The bad news for Commissioner Pickler is that the Committee was not able to get to the actual allegations and issue an opinion one way or the other.  Two of the three members of the committee pretty clearly thought there was some smoke, but didn't get to investigate whether there was fire.

But let's take Commissioner Pickler's word for it.  He's an honest guy.  He previously disclosed his business relationship with the TSBA accounts.  And he didn't know that when he voted on the budget, he was voting in favor of a $12 million investment with his firm.

This should be a major lesson for the school district and for the staff (or highly-paid consultants) who put together the budget.  The line items for expenditures, contracts, investments, whatever should be detailed enough that Board members who do business with the district, or business near the district, can reasonably determine whether their business will be affected by the budget.  This would allow Board members to appropriately disclose their conflicts of interest, and recuse themselves from any votes if necessary.

This is a different problem than Commissioners not reading the budget or the supporting information that they are provided.  It should not be up to district staff to flag conflicts for Board commissioners - each Board commissioner should be on top of their business relationships with the district (or near the district) and review the budget for any possible conflicts of interest.

Recently, Commissioner Joe Clayton raised the issue that several Board commissioners are retirees of either MCS or SCS, and therefore have a very personal financial interest in some of the TPC recommendations related to district benefits, mainly health insurance, for retirees.  He asked if recusal would be necessary.  SCS General Counsel explained that if MCS and SCS retirees were required to recuse themselves, that it is unlikely that the Board would even be able to achieve a quorum to vote on any proposals.  That's a tough situation, but at least the conflict has been publicly discussed.  We should hope that as these matters come up for votes that each Board member with a personal financial interest will explicitly disclose the conflict.

Given all of that, Commissioner Pickler still might have a problem.  Obviously, best case scenario is that you disclose your conflict of interest on the front end - prior to the vote.  But what if you didn't know you were voting in favor of your financial interest?  Does your duty to disclose expire?  Or do you have a duty to disclose the conflict of interest at the point that you become aware of the conflict of interest?  I don't know anything about wealth management, but just the name of the profession seems to imply that you're dealing with large amounts of money.  When you're in that profession, is it fair to assume that as the owner of a wealth management firm, you would be aware of a new $12 million investment?  My sense is that in this area of the country, a $12 million investment would be notable.

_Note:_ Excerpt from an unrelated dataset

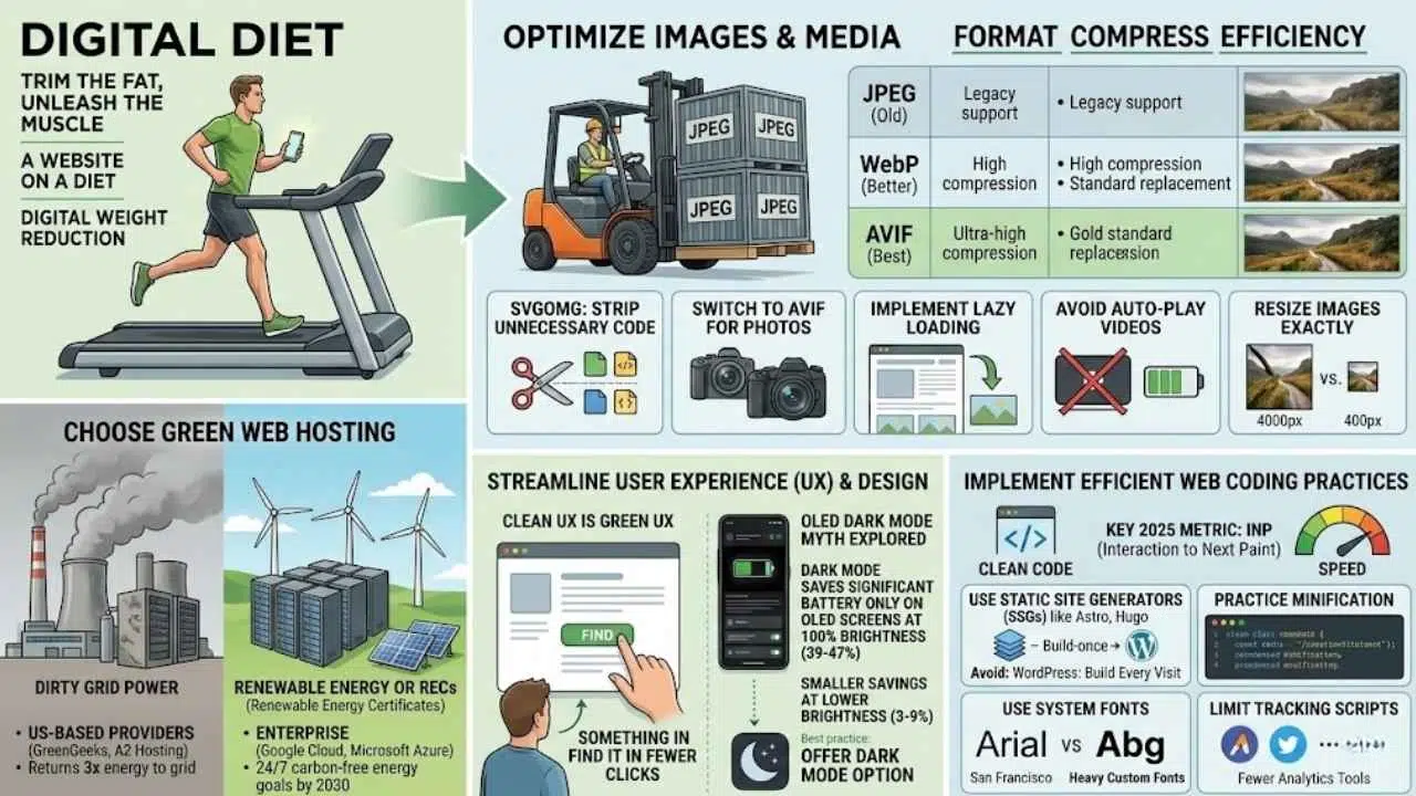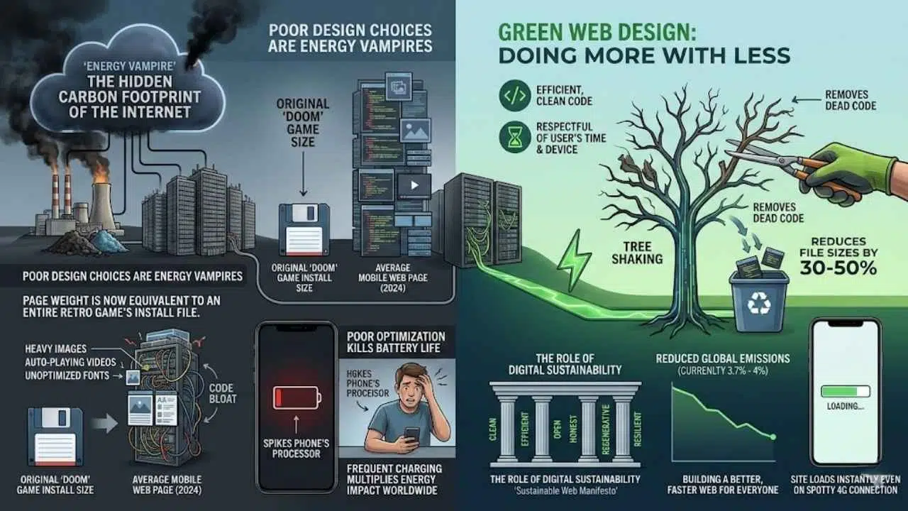 Sloppy design is an energy vampire. Heavy images, auto-playing videos, and unoptimized fonts force data centers to burn more fossil fuels. But the cost isn’t just environmental; it is financial and functional. Slow sites frustrate users and drive up hosting bills.

Certainly, in a monthly or quarterly review of the accounts, a new $12 million investment seems like it would cross the purview of the owner of the business.  It would be up to the owner to make sure that commissions and account fees are distributed appropriately to his or her employees, at the very least.  We could suppose that it would be possible that the first that Commissioner Pickler heard about the $12 million investment was in Commissioner Jones' resolution, but we should probably consider how likely that is.  It probably still matters what Commissioner Pickler knew, and when he knew it.

In an editorial, the Commercial Appeal argues for a ethics policy that would empower an ethics committee to investigate and gather information in order to investigate ethics allegations.  Well, now that we know that the current policy did not allow either to take place in this case, we can hope that the attorneys or the policy people are working on a re-write.  Now that we know, we should respond appropriately.  Because when you find out about a potential problem, you should seek to remedy it.